No pictures belong in the result; set down exactly the lines from the one containing "Мужская модная рубашка" through the final line of the listing, and nothing more.

### Dataset
■ ■ ■

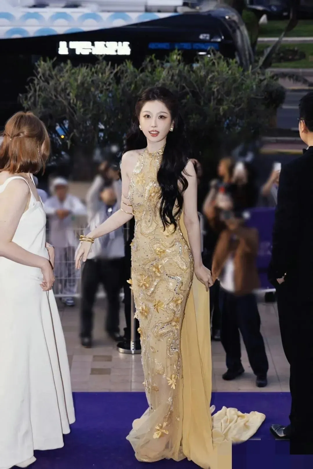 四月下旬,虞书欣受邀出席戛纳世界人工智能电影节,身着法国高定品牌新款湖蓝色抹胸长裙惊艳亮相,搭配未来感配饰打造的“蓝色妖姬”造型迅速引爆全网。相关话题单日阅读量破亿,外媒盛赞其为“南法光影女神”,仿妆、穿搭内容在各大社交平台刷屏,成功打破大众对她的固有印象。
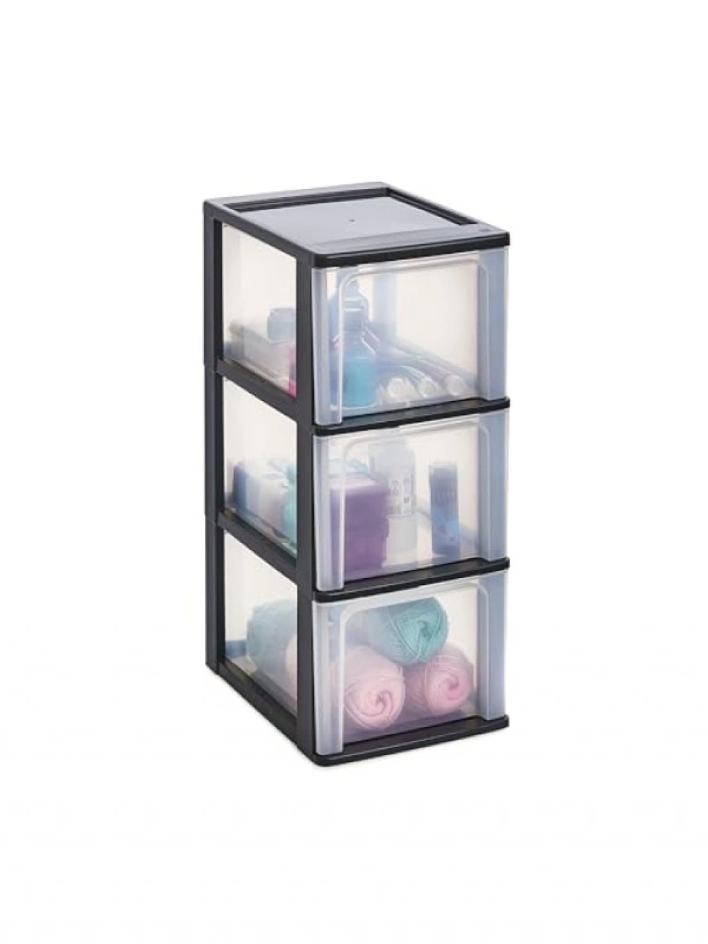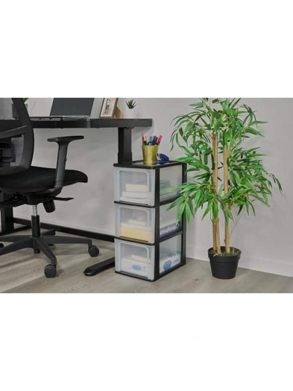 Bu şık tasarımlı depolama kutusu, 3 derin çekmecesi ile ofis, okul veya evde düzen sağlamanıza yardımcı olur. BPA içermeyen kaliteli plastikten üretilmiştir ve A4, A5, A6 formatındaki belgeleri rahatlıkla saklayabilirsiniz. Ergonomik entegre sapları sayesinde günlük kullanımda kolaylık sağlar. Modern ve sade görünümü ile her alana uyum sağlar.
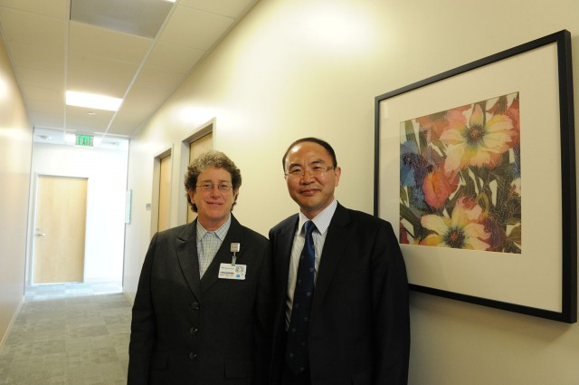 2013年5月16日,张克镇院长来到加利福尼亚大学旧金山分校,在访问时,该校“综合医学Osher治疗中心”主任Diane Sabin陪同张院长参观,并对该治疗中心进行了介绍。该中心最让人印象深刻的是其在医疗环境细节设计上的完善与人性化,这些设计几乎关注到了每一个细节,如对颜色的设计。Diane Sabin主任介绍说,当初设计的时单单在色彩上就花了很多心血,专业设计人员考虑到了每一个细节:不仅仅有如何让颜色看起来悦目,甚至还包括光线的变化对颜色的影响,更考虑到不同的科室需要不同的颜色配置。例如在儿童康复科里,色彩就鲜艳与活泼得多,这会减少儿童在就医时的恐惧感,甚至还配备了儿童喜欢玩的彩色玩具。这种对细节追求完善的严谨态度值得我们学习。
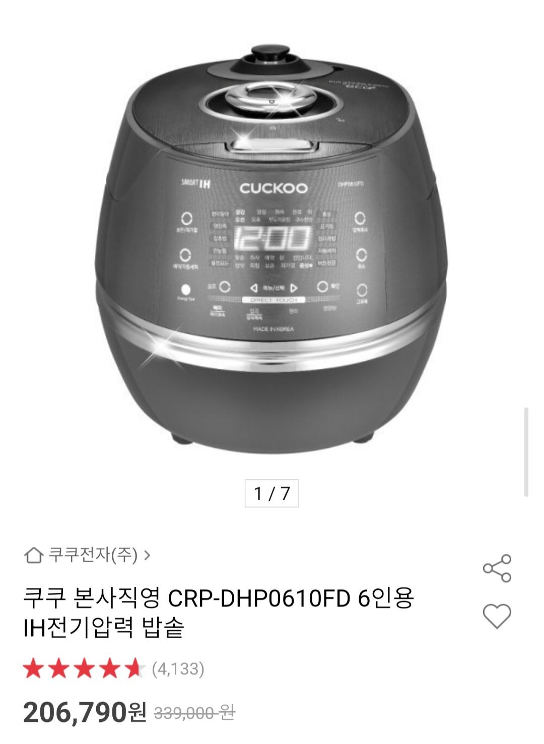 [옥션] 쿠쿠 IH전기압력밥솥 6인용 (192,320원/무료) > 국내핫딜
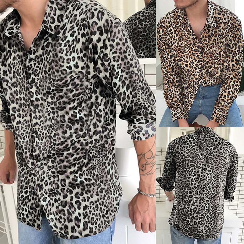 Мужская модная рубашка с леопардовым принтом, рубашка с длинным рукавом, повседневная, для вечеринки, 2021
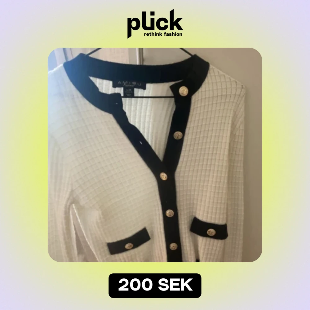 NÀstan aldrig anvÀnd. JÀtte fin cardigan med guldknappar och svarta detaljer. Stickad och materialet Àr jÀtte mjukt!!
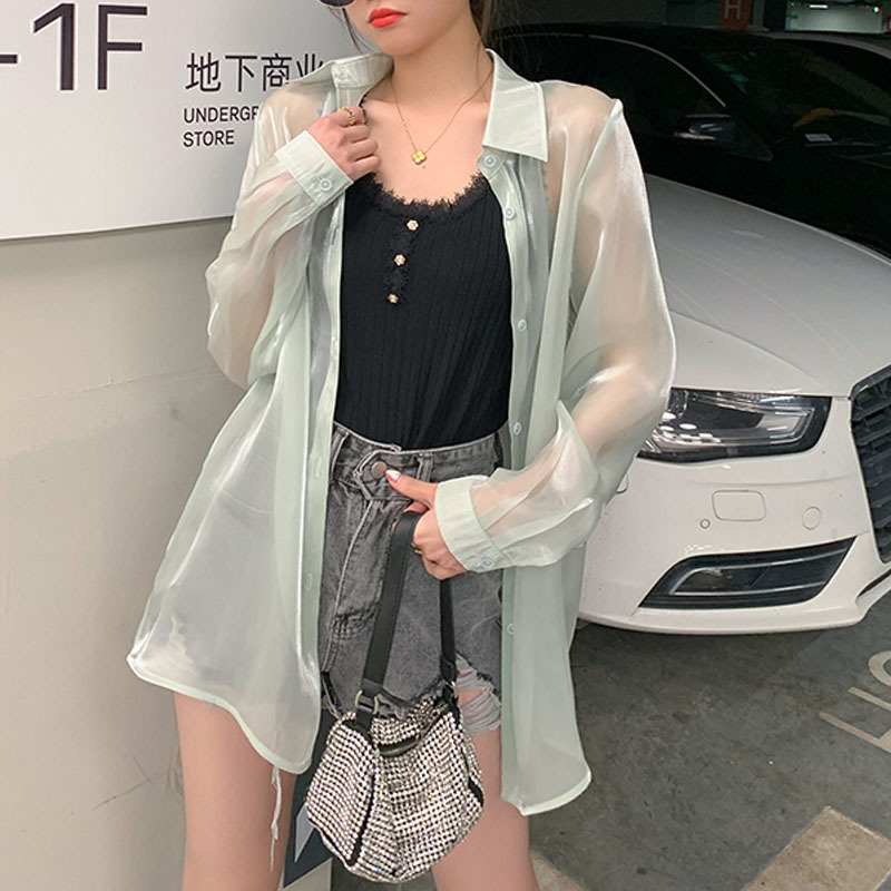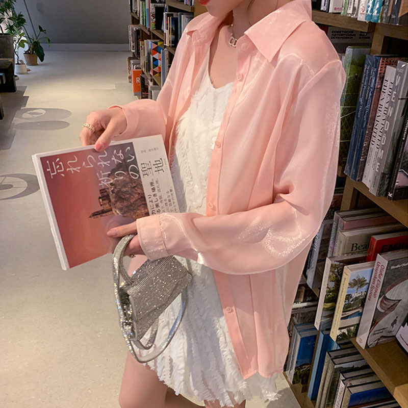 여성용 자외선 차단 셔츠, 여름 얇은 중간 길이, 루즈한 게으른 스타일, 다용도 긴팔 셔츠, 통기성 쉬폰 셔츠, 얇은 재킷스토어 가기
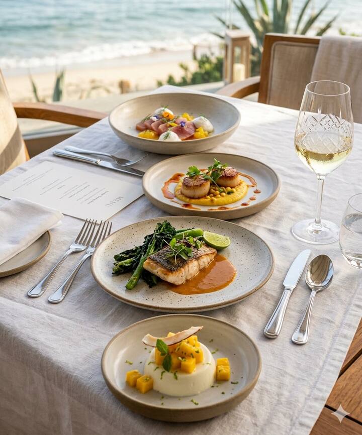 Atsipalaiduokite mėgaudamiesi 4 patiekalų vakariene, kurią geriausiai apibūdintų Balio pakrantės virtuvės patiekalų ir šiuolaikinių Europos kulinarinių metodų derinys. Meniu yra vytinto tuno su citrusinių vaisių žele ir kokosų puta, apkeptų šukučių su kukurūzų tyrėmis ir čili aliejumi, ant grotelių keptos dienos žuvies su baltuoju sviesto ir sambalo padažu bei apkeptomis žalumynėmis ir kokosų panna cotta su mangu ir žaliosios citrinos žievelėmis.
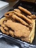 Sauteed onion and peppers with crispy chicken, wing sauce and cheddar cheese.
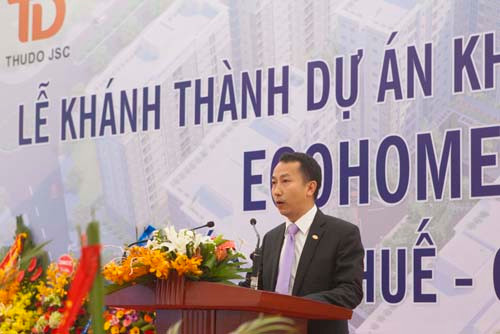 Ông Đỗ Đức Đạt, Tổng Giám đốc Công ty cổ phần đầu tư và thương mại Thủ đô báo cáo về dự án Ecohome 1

■ ■ ■

### Response for this exercise
 Мужская модная рубашка с леопардовым принтом, рубашка с длинным рукавом, повседневная, для вечеринки, 2021
 NÀstan aldrig anvÀnd. JÀtte fin cardigan med guldknappar och svarta detaljer. Stickad och materialet Àr jÀtte mjukt!!
 여성용 자외선 차단 셔츠, 여름 얇은 중간 길이, 루즈한 게으른 스타일, 다용도 긴팔 셔츠, 통기성 쉬폰 셔츠, 얇은 재킷스토어 가기
 Atsipalaiduokite mėgaudamiesi 4 patiekalų vakariene, kurią geriausiai apibūdintų Balio pakrantės virtuvės patiekalų ir šiuolaikinių Europos kulinarinių metodų derinys. Meniu yra vytinto tuno su citrusinių vaisių žele ir kokosų puta, apkeptų šukučių su kukurūzų tyrėmis ir čili aliejumi, ant grotelių keptos dienos žuvies su baltuoju sviesto ir sambalo padažu bei apkeptomis žalumynėmis ir kokosų panna cotta su mangu ir žaliosios citrinos žievelėmis.
 Sauteed onion and peppers with crispy chicken, wing sauce and cheddar cheese.
 Ông Đỗ Đức Đạt, Tổng Giám đốc Công ty cổ phần đầu tư và thương mại Thủ đô báo cáo về dự án Ecohome 1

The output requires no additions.